Vette(s): #1-1974 L-48 4spd Cp Med Red Metallic/Black deluxe int w/AC/tilt/tele./p/w-p/b/
Am-Fm/map light National/Regional/Chapter NCRS "Top Flight"
#2-1985 Bright Red/Carmine Cp.L-98/auto
Member: NCRS, NCRS Texas, Corvette Legends of Texas
Using a liquid/paste type of "Anti-Skweek" compound on '65-'82 Corvette is not really a good idea, tho a lot of folks do it. You really don't want to "glue" the pads to the pistons in these calipers...it increases the likelihood of the pistons pumping air back into the calipers, which is a major issue to start with. It would be better to find some anti-squeal shims to use between the pads and the pistons. I'm sure one of the Corvette brake suppliers(Vette Brakes & Products or Stainless Steel Brakes) would have them, if the local parts house doesn't. I've never used them on a Corvette, so I couldn't say for sure if they work as well as they do on "normal" cars.
If the pads are squealing, there is a problem with either the pad material, or the surface finish of the rotors. Were the rotors turned when the brakes were done originally? What type/compound pads are you using? Organic, semi-metallic, ceramic, etc? A brake squeal is basically just a vibration. Loose fasteners can cause it, as can pads that are loose in the caliper, or pads that have not had the proper high temp grease used on the sliding areas between the pads and the caliper guides.
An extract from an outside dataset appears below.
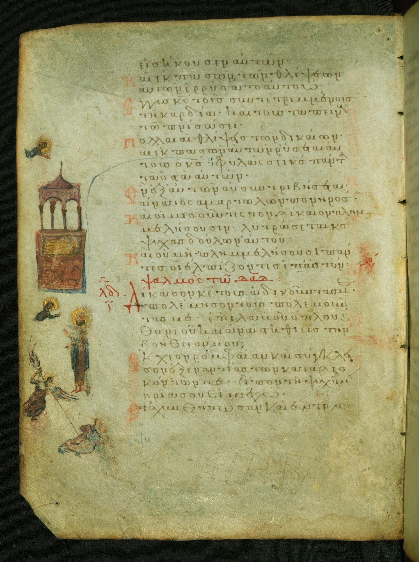 The picture here illustrates the psalm verse (marked with three red dots in the text, toward the bottom of the page) "O Lord, you brought up my soul from Hades" (NETS). Hades (Hell) is personified by a monstrous giant. An angel is pulling out a man (perhaps King David, the psalm's author) by his arms .

IF the pads are severely glazed, you can help remedy this by removing the pads, and lightly sanding longways on them with some 80 grit paper. Another trick that I use is to cut(I use a hacksaw) angled grooves in the pads, at about a 45 degree angle, angled front to rear, and cut about 1/2 the pad thickness. About 3 grooves per pad is usually enough to accomplish the mission, which is to give the gasses created when using the brakes a place to escape, as well as giving the brake dust created a place to escape, instead of building up on the pad and rotor surfaces. You can also grind/file a small bevel on both the leading and trailing edges of the pads. Most new pads already have this feature, but not all do. This gives the pads a "soft" corner on the rotors, instead of a flat, cutting edge. hth
____________________________________ Joel Adams C3VR Lifetime Member #56 My Link
Vette(s): 1969 daytona conv. all original 350 350 380 4 sp w/air..and hard top
Yup Joel I like the cut the brake pad that works good..wanted to add that I machined the rotors on mine with a Pro Cut machine..if you didn't get them cut with the new pads this machine is really nice..it cuts them on the car and actually trues the rotor to the spindle on the rear and works just as good on the front..I use it everyday and love it..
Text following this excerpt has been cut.